## Task
Write out the data again exactly, skipping every picture.

## Information provided
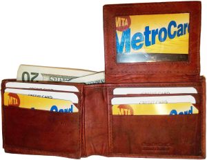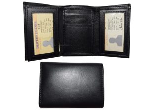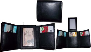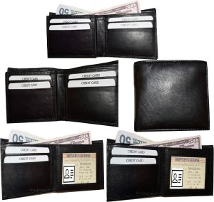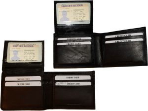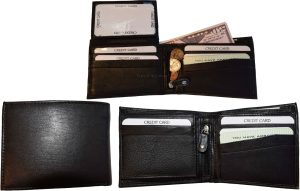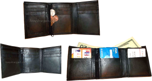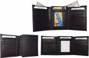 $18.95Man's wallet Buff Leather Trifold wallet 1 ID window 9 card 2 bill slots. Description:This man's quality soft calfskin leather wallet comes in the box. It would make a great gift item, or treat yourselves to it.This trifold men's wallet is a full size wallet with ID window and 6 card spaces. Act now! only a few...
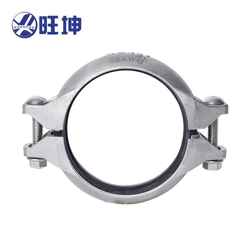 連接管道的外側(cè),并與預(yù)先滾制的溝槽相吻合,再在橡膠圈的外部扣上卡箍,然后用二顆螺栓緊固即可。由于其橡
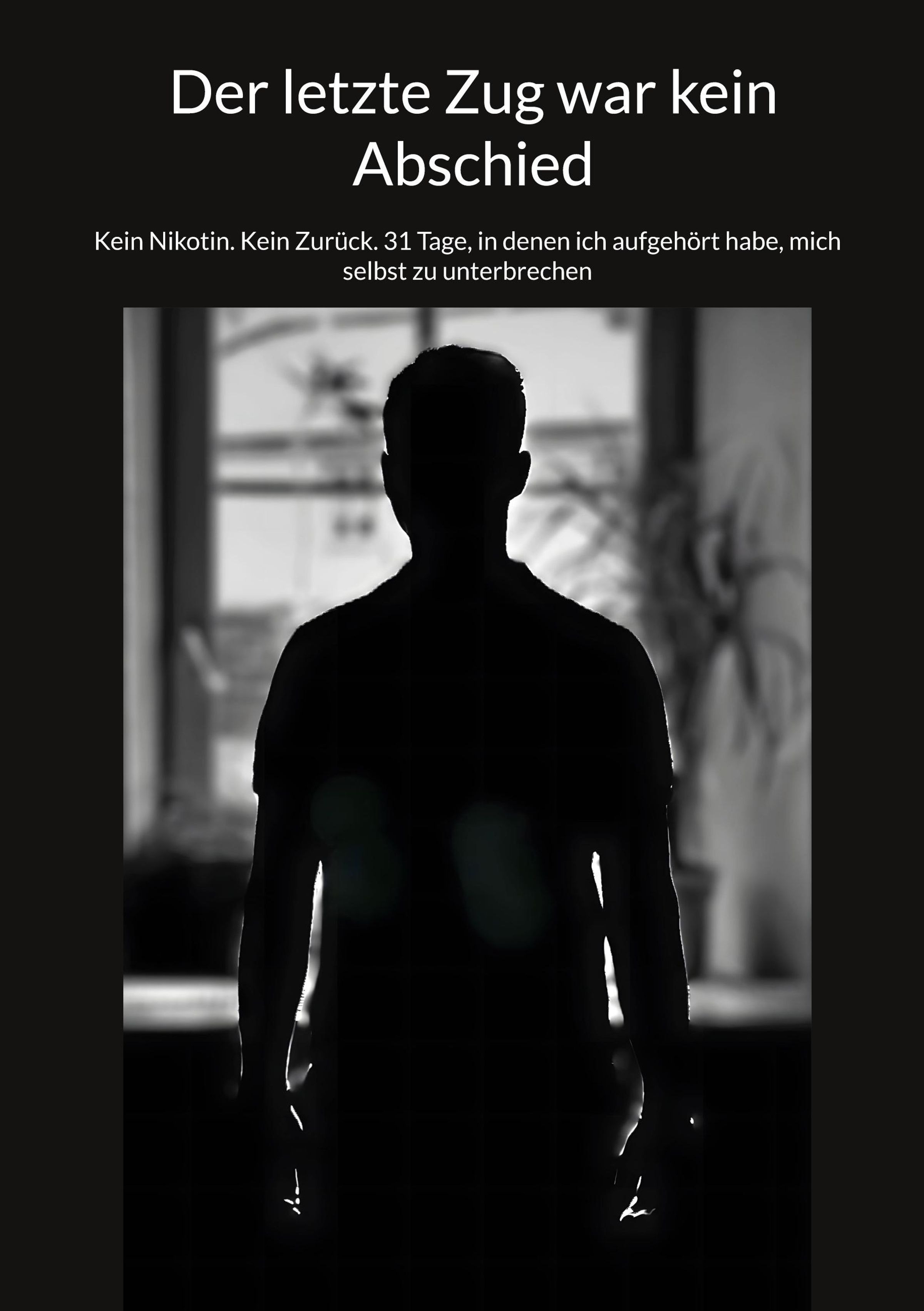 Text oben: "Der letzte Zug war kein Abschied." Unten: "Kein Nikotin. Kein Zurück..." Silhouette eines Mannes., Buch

## Output
 $18.95Man's wallet Buff Leather Trifold wallet 1 ID window 9 card 2 bill slots. Description:This man's quality soft calfskin leather wallet comes in the box. It would make a great gift item, or treat yourselves to it.This trifold men's wallet is a full size wallet with ID window and 6 card spaces. Act now! only a few...
 連接管道的外側(cè),并與預(yù)先滾制的溝槽相吻合,再在橡膠圈的外部扣上卡箍,然后用二顆螺栓緊固即可。由于其橡
 Text oben: "Der letzte Zug war kein Abschied." Unten: "Kein Nikotin. Kein Zurück..." Silhouette eines Mannes., Buch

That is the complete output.